AI at Home: LM Studio and Qwen 3.5 on My PC - Episode 2

Continues from Episode 1, where we described the hardware configuration, the choice of LM Studio as the framework, and the first three tests: scientific reasoning on the Higgs mechanism, multimodal reading of a blurry spreadsheet, and code generation for an NP-hard problem.
The conversation around Qwen 3.5 over the last two weeks has not remained confined to international technical forums. In Italy, voices like that of Salvatore Sanfilippo, among the most followed experts on the subject of applied artificial intelligence, have brought the model to the attention of a wider audience, helping to make this release one of the most discussed topics of the season in the Italian AI ecosystem. It's not social media hype: it's the recognition that something structural is changing in open-weight models, and that change is finally tangible enough to deserve attention outside of researcher circles.
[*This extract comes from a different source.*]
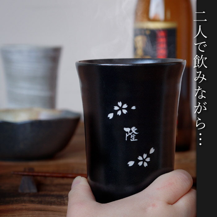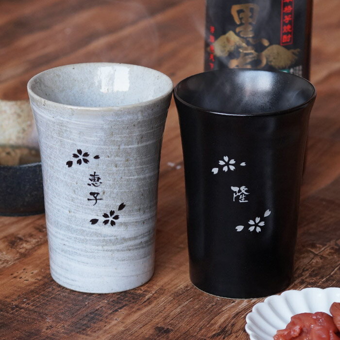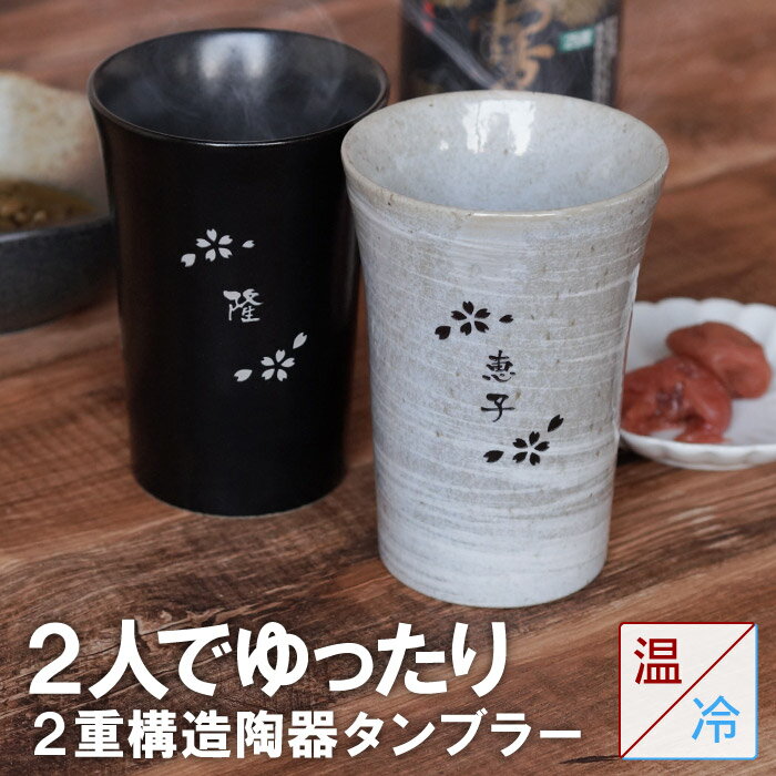 ギフト ペア 名入れ 送料無料 【 二重 陶器 タンブラー 桜 ペア 】 美濃焼 名前入り プレゼント 名入り ペアギフト 日本酒 ビール 焼酎 ロック グラス カップ 長寿祝い 還暦 両親 父 母 結婚 祝い 記念品 贈呈品 周年 刻印 彫刻 名 名前 入れ Present Gift Set

The three tests that conclude this second episode were designed precisely to touch upon the areas of greatest interest to those who are not researchers but use AI to work, plan, analyze, and organize: the ability to reason in multiple languages while maintaining cultural coherence, the management of long documents with surgical precision, and the understanding of physical space through an image.
Test 4 — Travel Agent in Three Languages
The fourth test focused on two of the model's most advertised capabilities: extensive multilingual support (Qwen 3.5 supports 201 languages) and agentic performance on complex planning tasks. I imagined a French client who doesn't speak English, interested in visiting Tokyo and Kyoto with a focus on historical temples and street food. The request was articulate: a five-day itinerary in impeccable French, with practical advice on transport and language barriers, followed by a section in Italian for a second traveler who wanted to follow the same path.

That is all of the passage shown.